P.s. I never vacuum my gravel in my planted tanks sense you want the waste to feed the plants why would you vacuum it out for


----------



## Username in use (Apr 29, 2010)

So here is my tank month n half in and as you can see it looks freshly set up lol 









Here it is grown in 5 months later :O as you can see its a friggen jungle! And i need to trim things and split some plants that will be going in the tank under this picture lol :O









although its cloudy it has gotten less cloudy and looks better lol it is 125g tank  P.s. ignore the power head in the tank it was only in there to circulate the water when i had a leak and had to fix it so the water wouldn't stagnate on me


----------



## charking (Aug 12, 2009)

that is one gorgeous tank.. & I LOVE your angel. what plants have you got in there? they all have grown really well! i have asked a few people on ebay for ferts and i think i found the best lot to suit me its jbl substrate fert and a daily dropper (jbl also) it treats 10,000 litres (thats about £6) & the substrate mix is £12.99 so can get both for £20ish so not bad, the substrate mix will last a year too  i will get some pics once i get the tank they said they couldnt do today  so hopefully i get it tomorrow..
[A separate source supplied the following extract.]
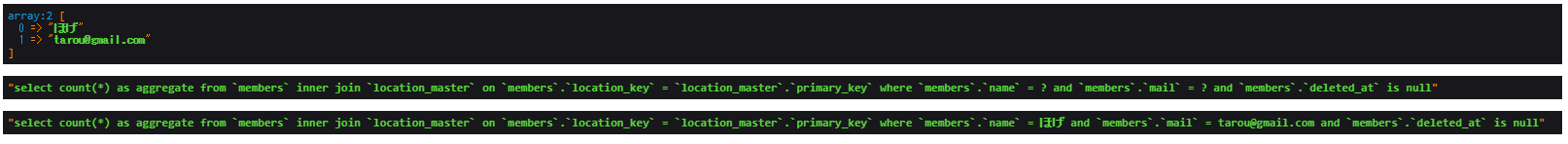 ログに残すメッセージはstr_replace_array(‘?’, $query->bindings, $query->sql)です。$query->bindings、$query->sql、str_replace_array(‘?’, $query->bindings, $query->sql)の中身はそれぞれ次の画像の通りです。
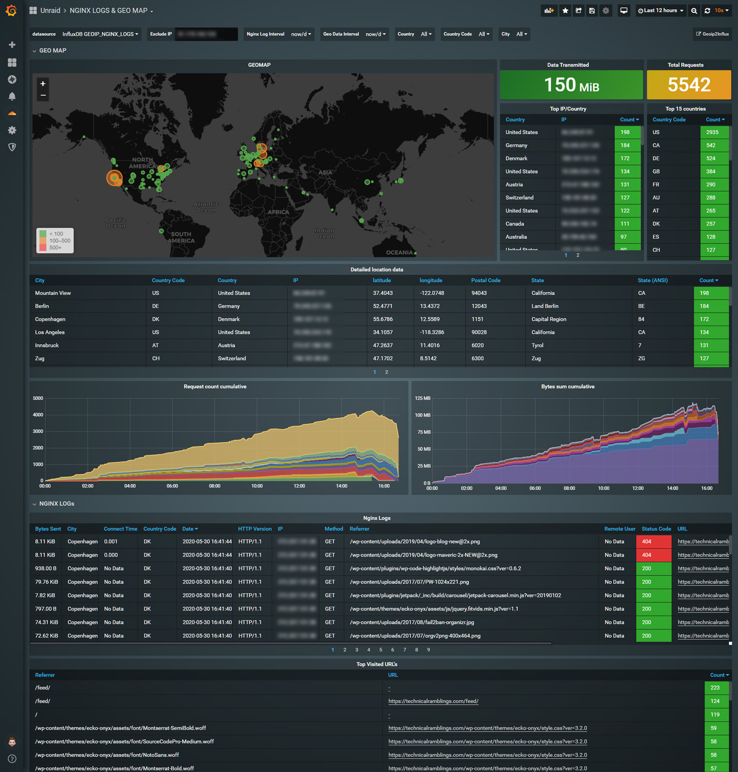 Nginx Logs and GEO map dashboard for the linuxserver/letsencrypt Geoip2Influx docker mod.

i have no idea what the tank looks like.. i know it has a wood stand but thats about it  lol. they said it has an arcadia light unit also so i guess thats one stood above the water?


----------



## charking (Aug 12, 2009)

also your wood in thats tank looks amazing.. i have bogwood in my tank i soaked for about 6 months and it still leeches :/ lol


----------



## Username in use (Apr 29, 2010)

i have java ferns, different crypts including bronze crypts, different types of amazons, java moss, wisteria, banana plant, onion plants, and some other plants i have forgotten the names to


----------